A collar is literally a hemispherical reflector with a hole in it.
I think you mean a concave spherical mirror without a hole in it.
The main reason people don’t do it is because the best case scenario is 1.11x intensity, since typical reflectors like the GT collect between 30 and 90 degrees, so ~75% of the light, which leaves only 25% to be recycled by the collar at 33% recycling efficiency (based on the normal collars which collect 75% of light and turn the remaining 25% into 50%).
So a lot of work for 11% increase is not worth it.
I’ll give that argument to Optiforms Which is part of the “practicality” aspect. 12” vs. ~8.5” sounds like a lot to me…
Now I’m lost… You just mentioned earlier that ~50% of the light from a Lambertian emitter comes from the front 60 degrees. That leaves ~120 degrees to collect the other 50. In other words, while the surface of the parabolic reflector is collecting more light, that light is less intense. So, if we have a “thrower” flashlight with a beam divergence of around 4 degrees, then about 44 of the total light the LED puts out is going toward spill. Which also explains my theory for having an aperture in the spherical reflector - since 4 degrees of that “spill” light is actually going into the beam. So at 33% efficiency, that’s a 15% potential increase. For a cheap concave mirror, tube, and lens with a hole in the middle - probably about $3 in parts.

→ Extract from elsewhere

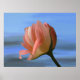 Eine hübsche, bemalte, pfirsichfarbene Rose, die sich in Richtung eines blauen Himmels öffnet, ist die Gerste.

2) yeah i made a typo, it’s 25% of lumens that are emitted from a 30 degree half angle cone (16 degrees full angle)
This has nothing to do with beam divergence.
A typical forward-facing reflector collects between 30 and 90 degrees, aka 75% of the light. That leaves only 25% of the light to be recycled.
As opposed to a 0.5NA lens which collects 25% of light, leaving 75% to be recycled.
I think it is possible to design a reflector with a particular shape suited to match a crowning aspheric lens beam converging wise. Of course it should.
There are many optics that work with LEDs. Some of them don’t work well with a collar. But I didn’t mean to fix this parameter. For example it makes sense to compare LED+TIR to LED+collar+aspheric.
ADDED:
Or one can compare out-of-focus zoomie performance.
For me LED+collar together make an emitter. That emitter has limited emission angle. And it has a power-performance curve. I was interested just in that curve.
Actually I didn’t end up drawing it because the numbers above turned out to be enough for me.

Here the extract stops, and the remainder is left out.